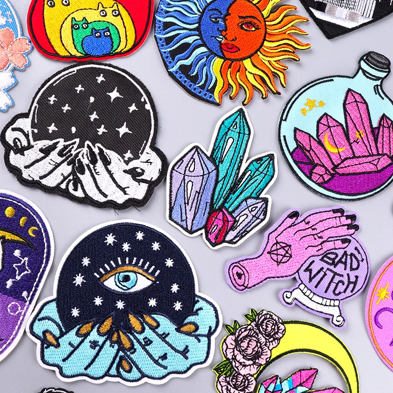 Parches de bola mágica, parches bordados para ropa, parches termoadhesivos, parches de hierro a rayas, insignias de cristal, mochila DIY
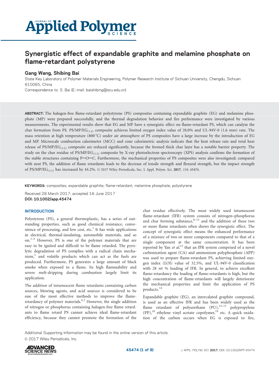本研究的目的是通过MP和EG的混合,制备具有优异性能的阻燃PS复合材料。阻燃剂的添加量控制在20% wt %,以保持良好的力学性能;同时,还发现了MP和EG之间的协同阻燃性能。由MP和EG产生的惰性气体可以有效地稀释氧气和可燃气体的浓度,形成的稳定膨胀的炭屏障起到了隔热和隔氧的作用,同时也阻止了在燃烧过程中聚合物熔体的滴注。通过UL-94垂直燃烧试验、LOI试验、微尺度燃烧量热计(MCC)分析、锥形量热分析和热重分析(TGA)对复合材料的可燃性和热降解性能进行了评价。用x射线光电子能谱仪对阻燃剂PS复合材料的炭渣进行了分析。
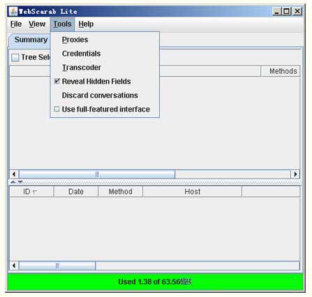 需要将其更改为Full-Featured Interface模式,勾选上图中的【use Full-Featured Interface】,重新启动WebScarab,界面如下,多了很多功能选项:
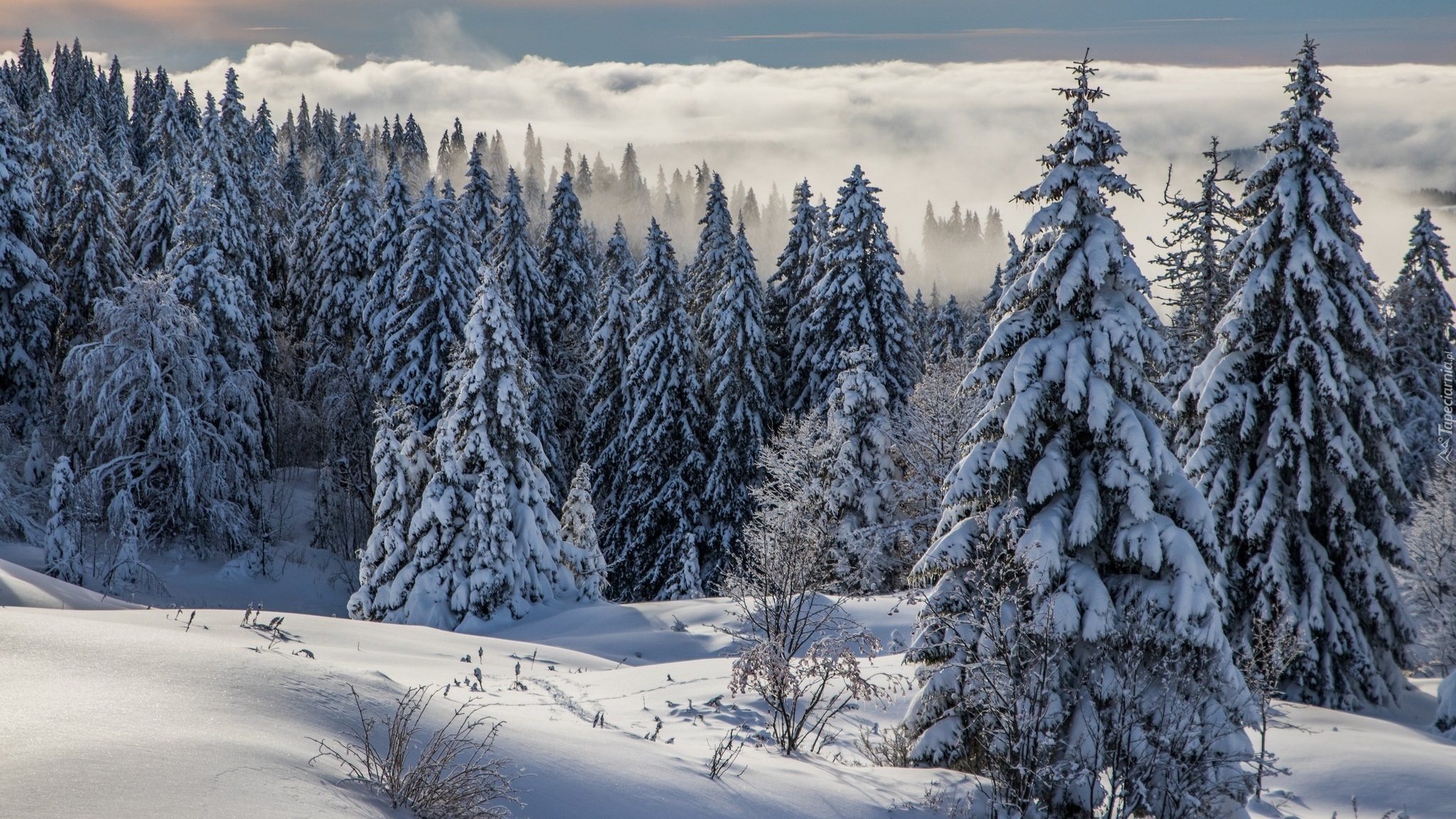 Edytor tapety: Ośnieżone świerki w zamglonych górach
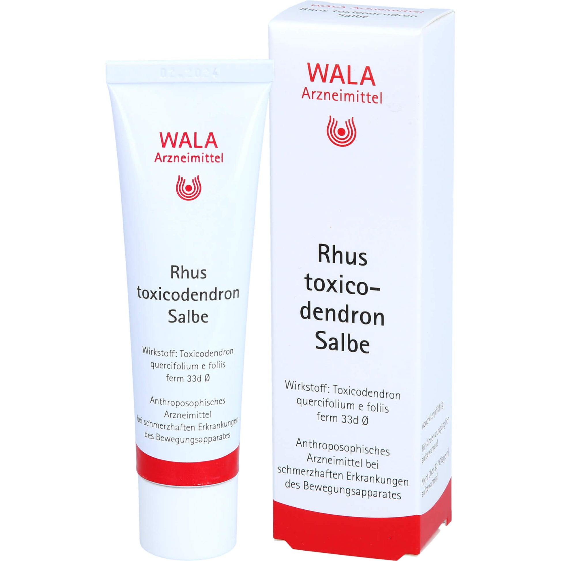Rhus toxicodendron ointment. Active ingredient: Toxicodendron quercifolium e foliis ferm 33d. Indications: According to anthroposophical understanding of man and nature. These include: painful disorders of the musculoskeletal system, e.g., joint inflammation (arthritis), including that of the spine; muscle pain (myalgia), nerve pain (neuralgia), and nerve inflammation (neuritis); herpetiform skin diseases.

> **Problem to work on**
Give all the entries again exactly, dropping each picture.

> **Result for this exercise**
 Parches de bola mágica, parches bordados para ropa, parches termoadhesivos, parches de hierro a rayas, insignias de cristal, mochila DIY
本研究的目的是通过MP和EG的混合,制备具有优异性能的阻燃PS复合材料。阻燃剂的添加量控制在20% wt %,以保持良好的力学性能;同时,还发现了MP和EG之间的协同阻燃性能。由MP和EG产生的惰性气体可以有效地稀释氧气和可燃气体的浓度,形成的稳定膨胀的炭屏障起到了隔热和隔氧的作用,同时也阻止了在燃烧过程中聚合物熔体的滴注。通过UL-94垂直燃烧试验、LOI试验、微尺度燃烧量热计(MCC)分析、锥形量热分析和热重分析(TGA)对复合材料的可燃性和热降解性能进行了评价。用x射线光电子能谱仪对阻燃剂PS复合材料的炭渣进行了分析。
 需要将其更改为Full-Featured Interface模式,勾选上图中的【use Full-Featured Interface】,重新启动WebScarab,界面如下,多了很多功能选项:
 Edytor tapety: Ośnieżone świerki w zamglonych górach
Rhus toxicodendron ointment. Active ingredient: Toxicodendron quercifolium e foliis ferm 33d. Indications: According to anthroposophical understanding of man and nature. These include: painful disorders of the musculoskeletal system, e.g., joint inflammation (arthritis), including that of the spine; muscle pain (myalgia), nerve pain (neuralgia), and nerve inflammation (neuritis); herpetiform skin diseases.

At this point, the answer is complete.